Bass in Action: Idaho Bass Fishing Builds its Own Culture 

The Southern states may have the reputation, but Idaho is in the mix

The worm in my fingers struggles for life as I set it onto my hook. A few quick practiced loops and it is securely skewered, ready to be dropped into the rocks in front of me. I have found the perfect lazy man's place for fishing--a deep section of the Snake River that undercuts a rock ledge. When the bait is dropped, it swirls around in a perfect small-mouth bass habitat. I don't even have to cast and I'm pounding the fish.

One after another, 10- to 11-inch bass are fighting with me only to be let go. You can only keep bass that are 12 inches or longer on the Snake River, and I let almost all the bass I catch go anyway.

In the distance, I hear the roar of a bass boat engine. Quick, low and light, I see the boat fly by me, causing a wake. I reel in my line and wonder about all the money that guy must have dropped on that boat: thousands and thousands of dollars, no doubt. The wake hits the shoreline and the fish stop biting for a few minutes.

Done fishing, I climb into my cheap but very functional duck boat and cruise back to the dock. I am going a lot slower than the bass boat I just saw. It would be a nice hobby, I think to myself.

But for some, bass fishing is no hobby. Turn on the TV and start surfing the sportsmen channels. You know the ones: the guy sitting in the tree stand, or on the boat casting and casting. Look and see how many of those guys are sponsored by something that's related to fishing: Lure manufactures, boat makers, trailer makers, line brokers and sporting goods companies like Cabela's and Bass Pro Shop make up the bulk of the sponsors.

Bass fishing is not a worm-on-a-hook sort of affair for a large number of people. It is a big business.

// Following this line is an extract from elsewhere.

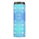 Blue travel mug with a black lid featuring a pattern of white bokeh circles, creating a calming and modern look.

In fact, bass fishing has grown during the past century into a billion-dollar industry that can be seen throughout America. Back in the '90s, General Mills even featured a bass fisherman on the front of a Wheaties box. Denny Brauer of Camdenton, Mo., got the face time by winning as points champion of a $1 million Forest Wood Open bass tournament.

"I am absolutely thrilled to be in the company of the greatest athletes in history," Brauer said. "I never dreamed that my love of bass fishing would ever lead to a spot on the Wheaties box."

Not only is bass fishing on cereal boxes, it is on TV all the time as well. Bass fishing is on the same channel that hosts NBA and NFL games. But unlike those sports, bass fishing is physically egalitarian. You don't need to be super strong, big or fast to compete. With bass fishing, you just have to fish--a lot. And you need to be smart about how you do it, knowing conditions, tactics, bait and weather.

While it might be physically egalitarian, that does not make bass fishing an easy thing to pursue monetarily, especially on the professional level.

"Entry fees into the pro tournaments are about [$4,000] each. The only way you can afford it is to get a number of sponsors to pay your way," said Bruce Flesher, president of the Idaho Bass Federation.

Fletcher is, by his own admission, "a reformed trout fisherman." Those fees are the reason for logos on the shirts and the stickers on the boats.

Sponsors are vital to the success of a fisherman.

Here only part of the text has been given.